▸ **What is being asked**
Copy word for word the lines of the records below, beginning at the one with "Der er 2 badeværelser" and finishing at the one with "今の時期沖縄のあちらこちらで みられる🧡カエンカズラ🧡 生垣やコンクリートの壁がこの色の", ends included, but none of the pictures.

════

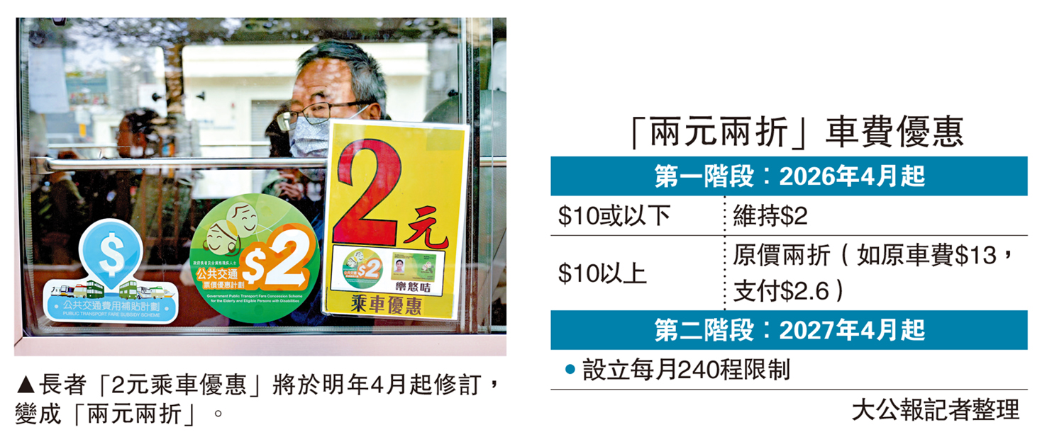 【大公報訊】記者戴東報道:為更好地運用公共開支,以及改善「長車短搭」情況,財政預算案公布將長者「2元乘車優惠」,改為「兩元兩折」,新規定將於明年4月生效,屆時票價低於或等於十元的車程,維持繳付兩元車費,至於票價高於十元則繳付全額車費的兩折;自2027年4月起,每月可享受優惠的車程以240程為限。
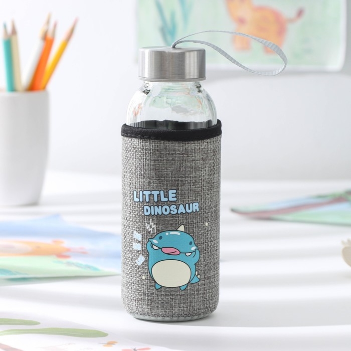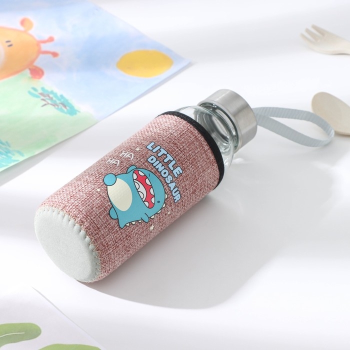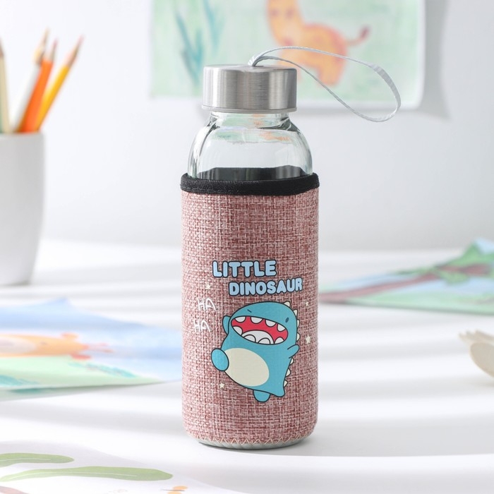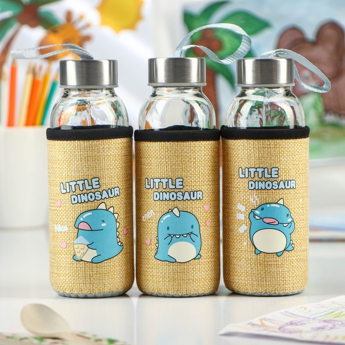 Бутылка для воды стеклянная в чехле «Дино», 300 мл, h=17 см, рисунок МИКС
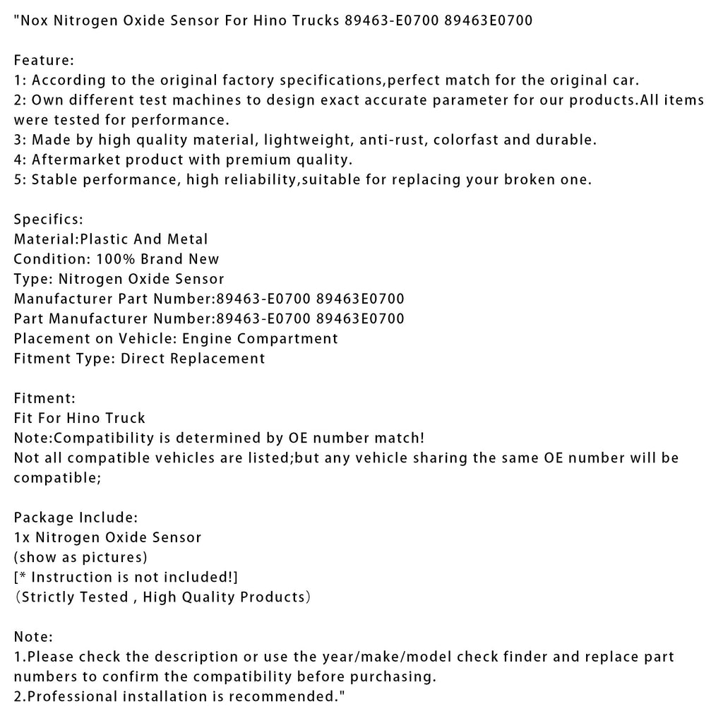 NOx stikstofoxidesensor compatibel met Hino vrachtwagens 89463-E0700 89463E0700
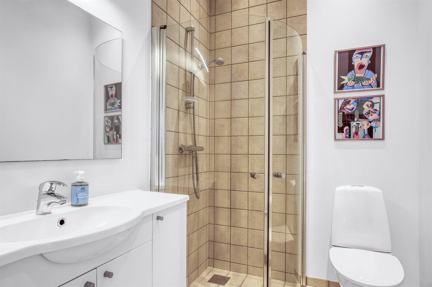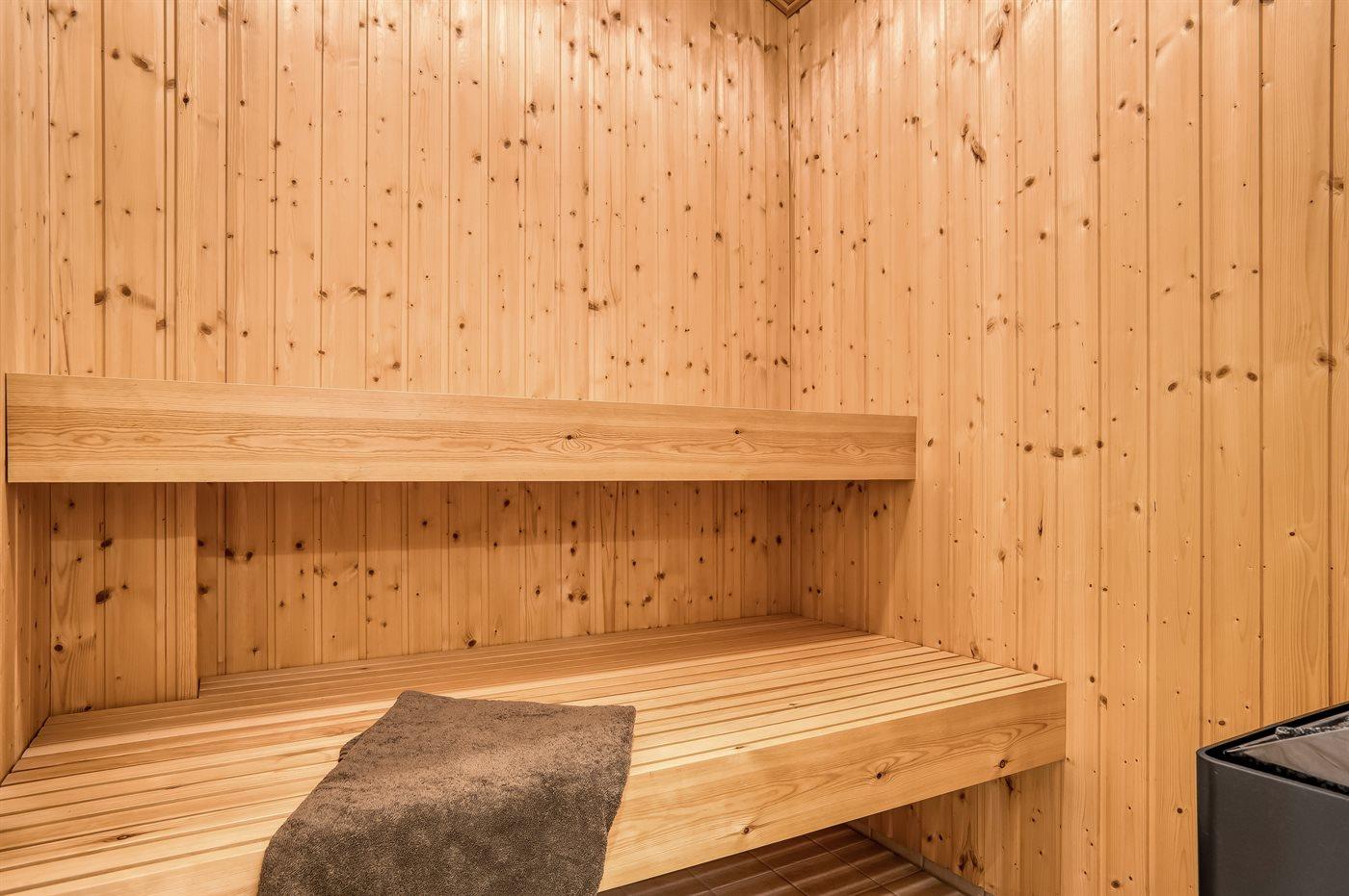 Der er 2 badeværelser med bruseniche og 2 toiletter. Der er gulvvarme på 2 badeværelser. I saunaen er der mulighed for afslapning.
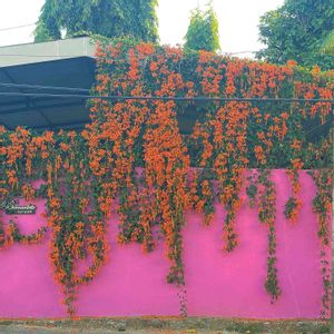 今の時期沖縄のあちらこちらで みられる🧡カエンカズラ🧡 生垣やコンクリートの壁がこの色の 花で飾られ圧巻です🧡💚🧡💚🌿🌿 ネットより 和名は「火炎葛」からきており、花の群れ咲く様が炎のように見えることからつけられた。 ノウゼンカズラ科 カエンカズラ属 原産地:ブラジル南部
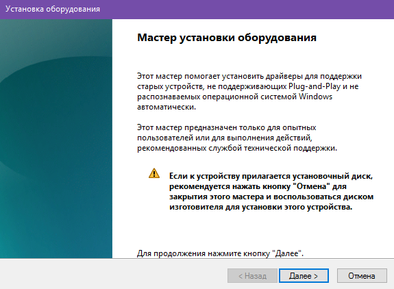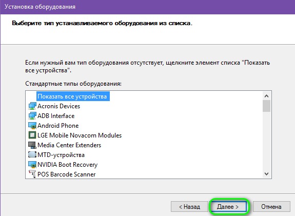 - Жмём "Далее" -> в следующем окне выбираем "Установка оборудования, выбранного из списка вручную"
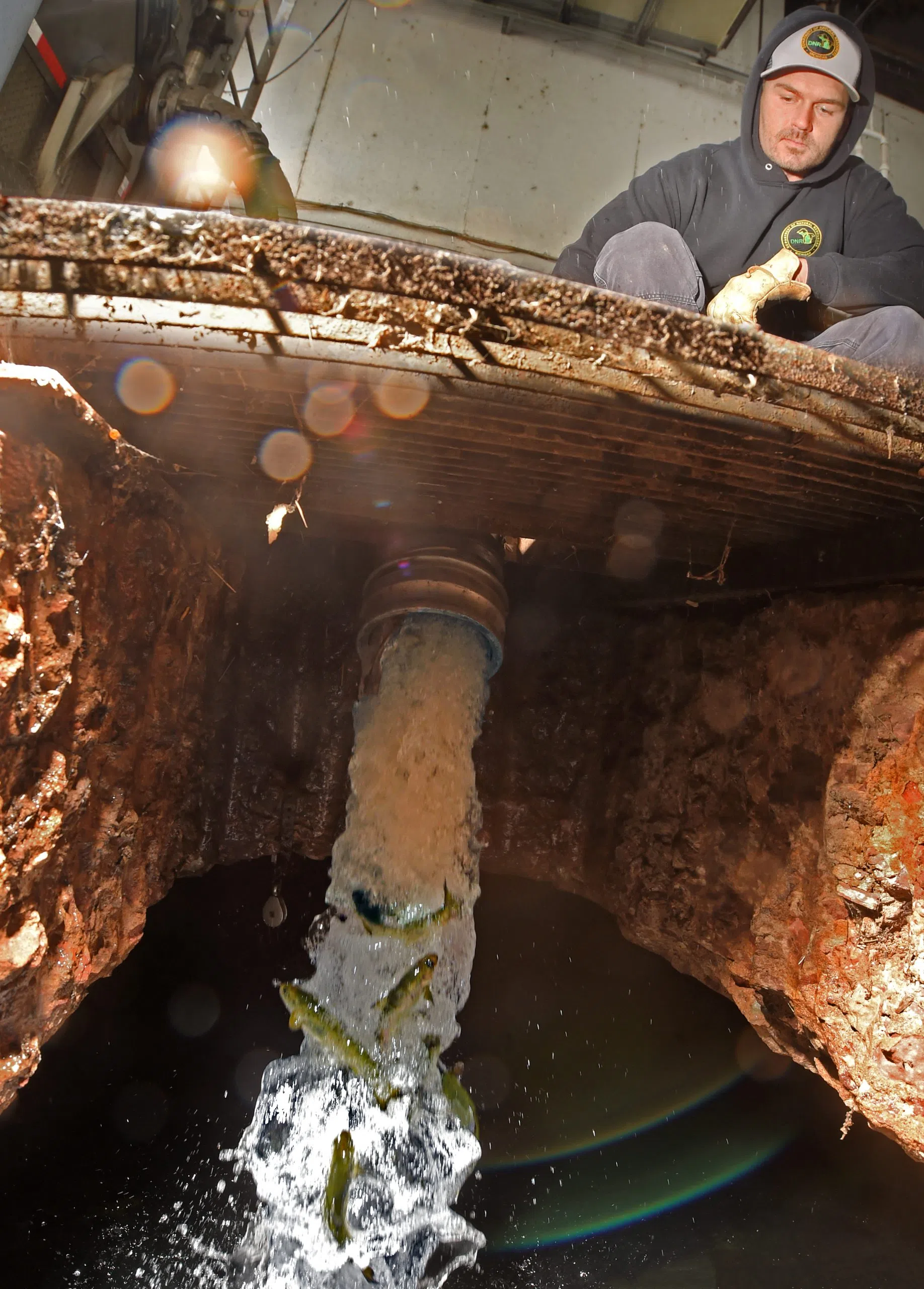 Lake Superior State University fisheries and wildlife management alumnus and Michigan Department of Natural Resources fisheries technician Dan Operhall empties about 20,000 Atlantic salmon fingerlings...

════

▸ **Task answer**
 Der er 2 badeværelser med bruseniche og 2 toiletter. Der er gulvvarme på 2 badeværelser. I saunaen er der mulighed for afslapning.
 今の時期沖縄のあちらこちらで みられる🧡カエンカズラ🧡 生垣やコンクリートの壁がこの色の 花で飾られ圧巻です🧡💚🧡💚🌿🌿 ネットより 和名は「火炎葛」からきており、花の群れ咲く様が炎のように見えることからつけられた。 ノウゼンカズラ科 カエンカズラ属 原産地:ブラジル南部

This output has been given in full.